How the hell was it an easy call? Had this move back-fired, people would have been on his case again, pointing out his ineptitude and he would probably have been fired on the spot. Also, the Roxs came into the match against GSW greatly overmatched at the guard positions. They are just incapable of defending the GSW 1st and 2nd options. There is not much McSuccess could have done about it since he did not have the requisite personel and would somehow had to have figured out the GSW offense which is something that no one has been able to do this season. The Rockets team is littered with low IQ players who are often forced into situations they are not comfortable with. Also Harden's limited skillset has been once again exposed. Banking on drawing fouls and sinking long step-back twos is not a sustainable strategy. The guy should develop a post-game and try to imitate Curry's off the ball play to make the game esier for himself.

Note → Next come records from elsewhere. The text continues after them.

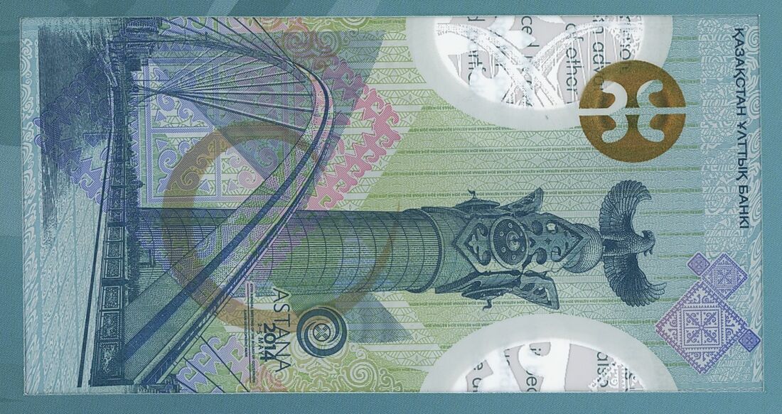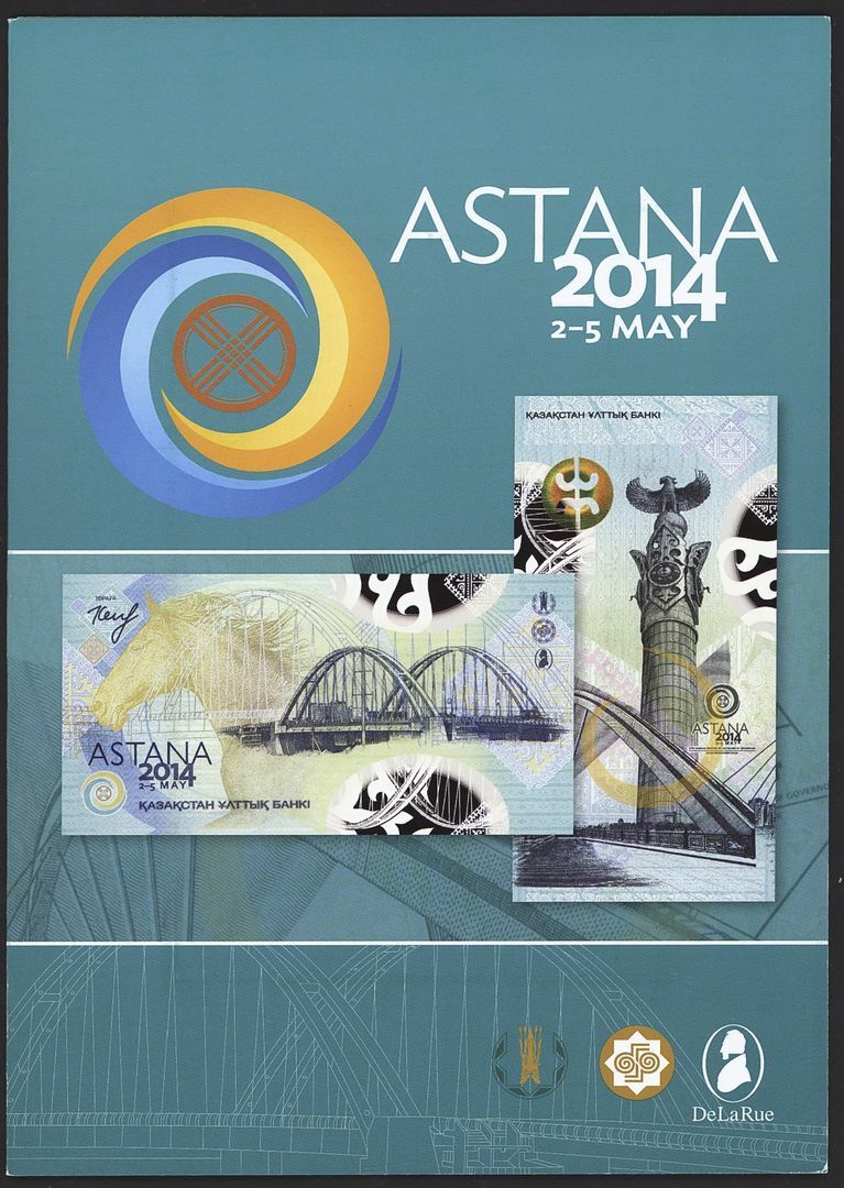 Commemorative De La Rue polymer house note in folder celebrating the Asian Development Bank's conference in Astana, Kazakhstan in 2014;
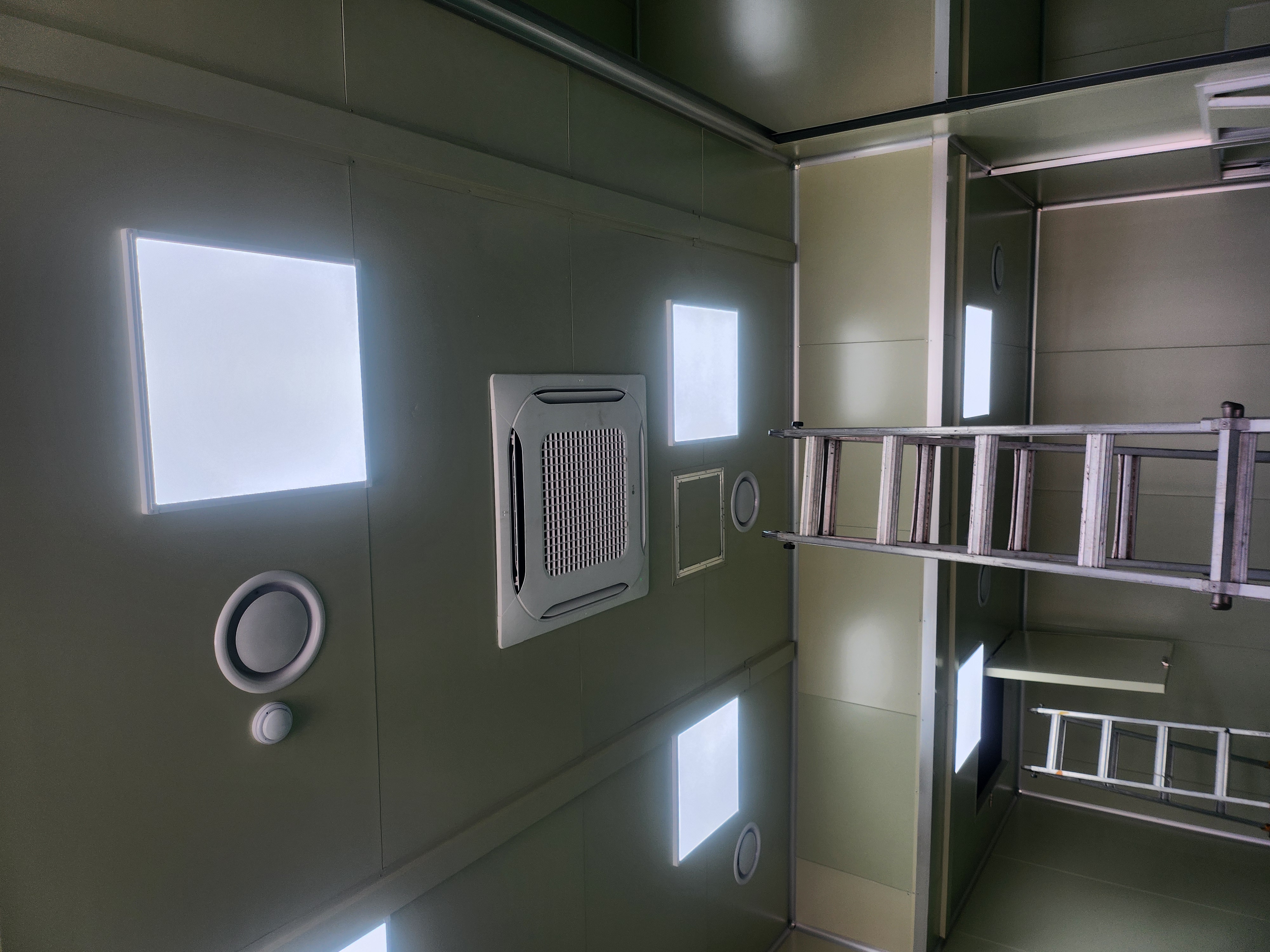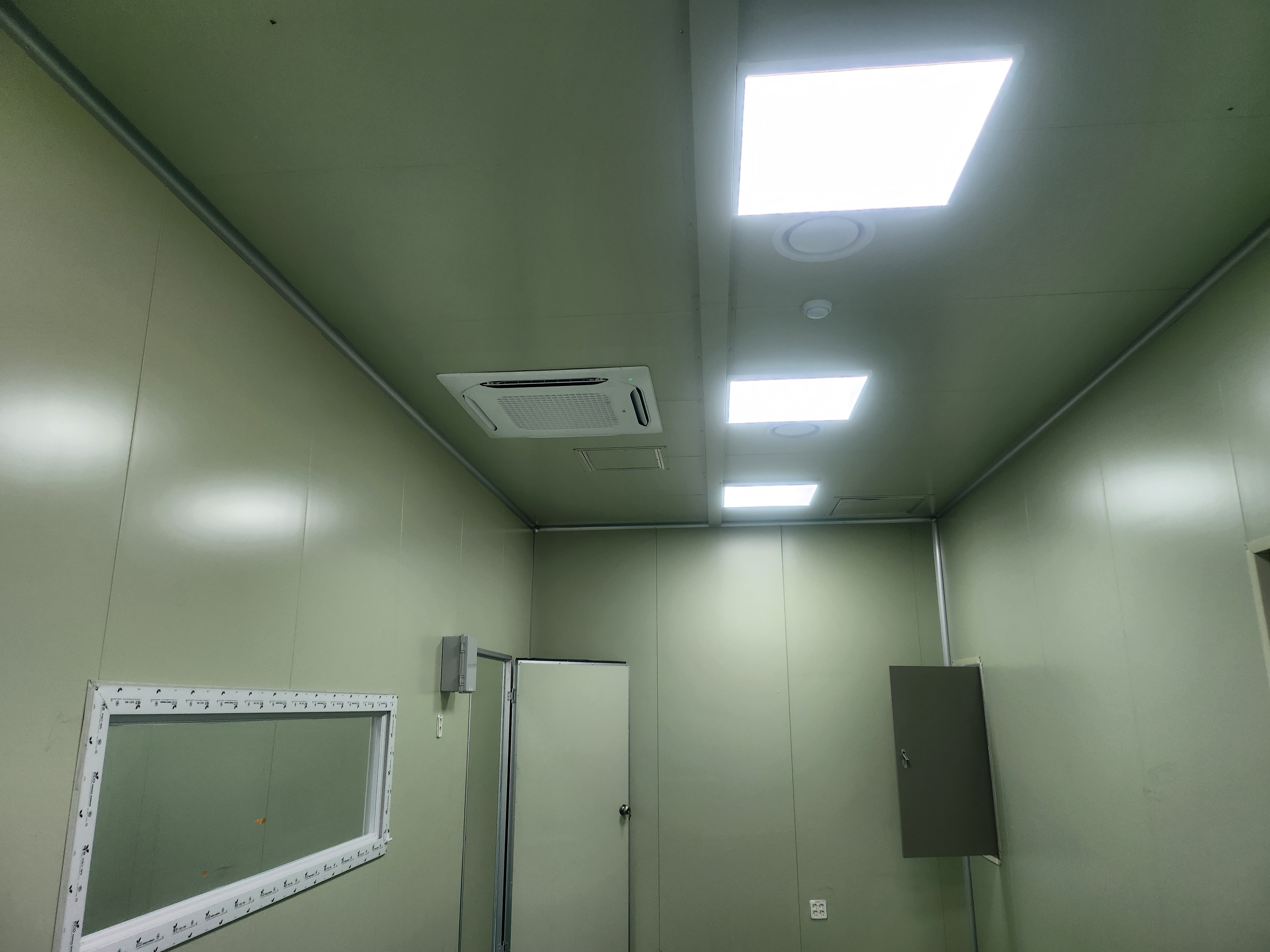 현장은 생산 구획마다 냉난방 필요 용량이 달랐기에, 15평, 25평, 40평 천장형 냉난방기를 각 구획에 설치했습니다. 이를 통해 한 구획의 냉난방이 다른 구획에 영향을 주지 않으면서, 외부 환경과도 철저히 분리된 상태를 유지할 수 있었습니다.
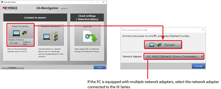 1. Connect the Ethernet ports on the PC and the IX Series (the sensor amplifier) with a LAN cable, and then start IX-Navigator. The [Activation Menu] dialog box is displayed. Select “1 unit,” and then click [Direct Connection] followed by [Connect].
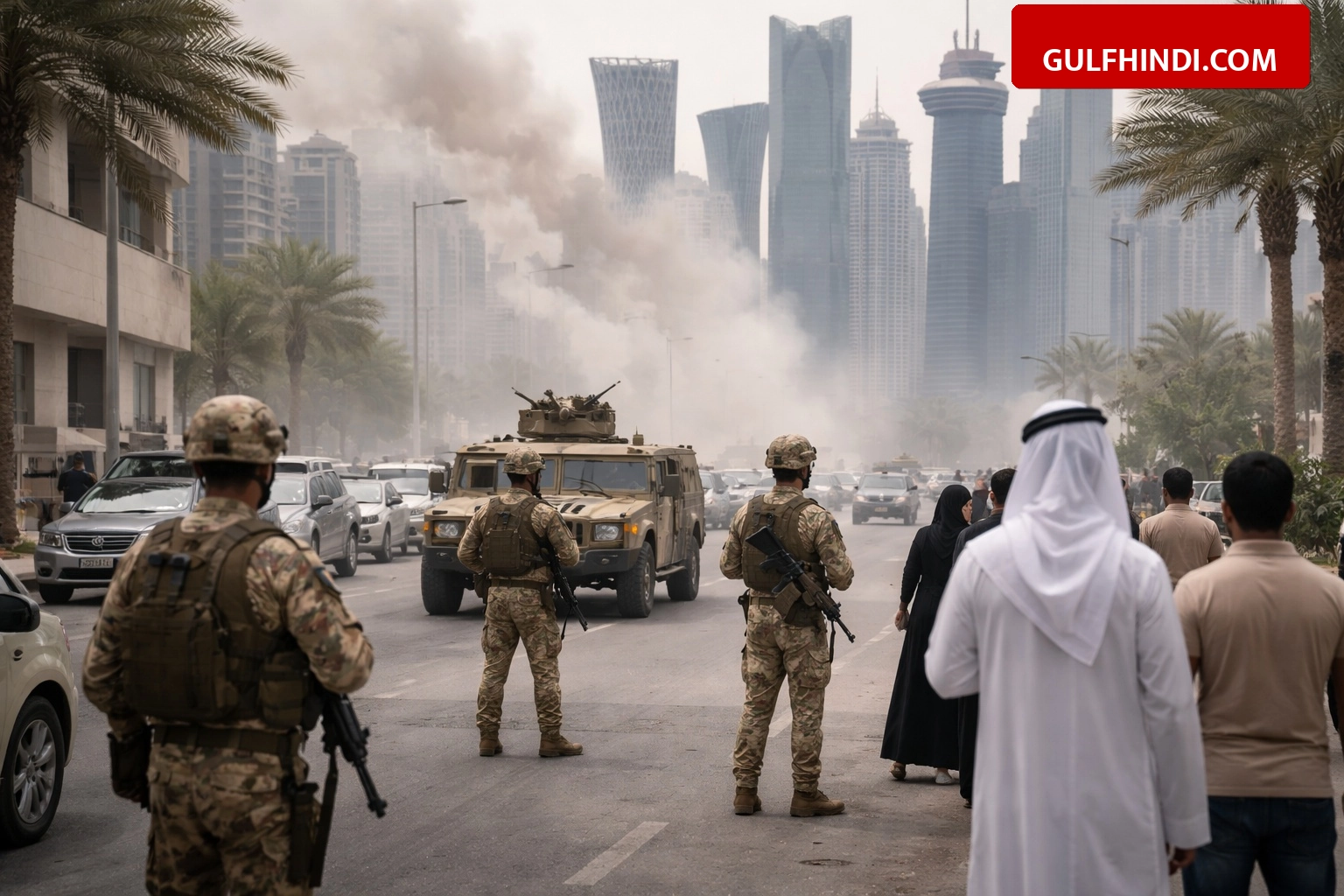 • 15 और 16 मार्च 2026 की रात दोहा के आसमान में तेज रोशनी और धमाके देखे गए।

BMD posted this in another thread, and i'm sure a lot of us have seen it before but it might be a good time to review the rockets playbook: https://www.youtube.com/watch?list=PLXWsHGeAyQD7A5Vk8zLEA-j3oLlJ-4OYH&v=7gMxGTNw3UU These are plays from the last 3 years or so. Some of them are more "Sets" where the ballhandler forces the issue and the Rockets players react to how the defense counters. Some of these are pretty specific plays. I don't remember seeing "Rockets Wheel" much at all this season. I like going through these just to remind myself, Yes we can be an effective offense, because sometimes it really is 4 dudes watching Harden. McHale does have a playbook and it is effective. Somehow he has got to get these guys to execute and trust these plays. For whatever reason, the closer a game gets, the less of these we see. If the other team's defense is playing well, it may make players gun shy. The one thing I will grudgingly give the Warriors credit for is they run their offense no matter what. People talk about needing guys who aren't afraid to take the last shot but this team needs players who aren't afraid to make the last pass. To run a Set with time ticking down and make an accurate pass. So which of these sets do you think is most effective? I'd like to see the Wheel, as it gets Harden moving off the ball.
I am one of McHale's biggest haters on this site and I will never give him props for the playoff run. All the credit goes to the players. The buffoon instills zero team discipline.
McHale will coach Houston for the rest of his career. We aint kickin him, we didn't kick him when he had stretches of horrible coaching, we extended him first time we had a better run.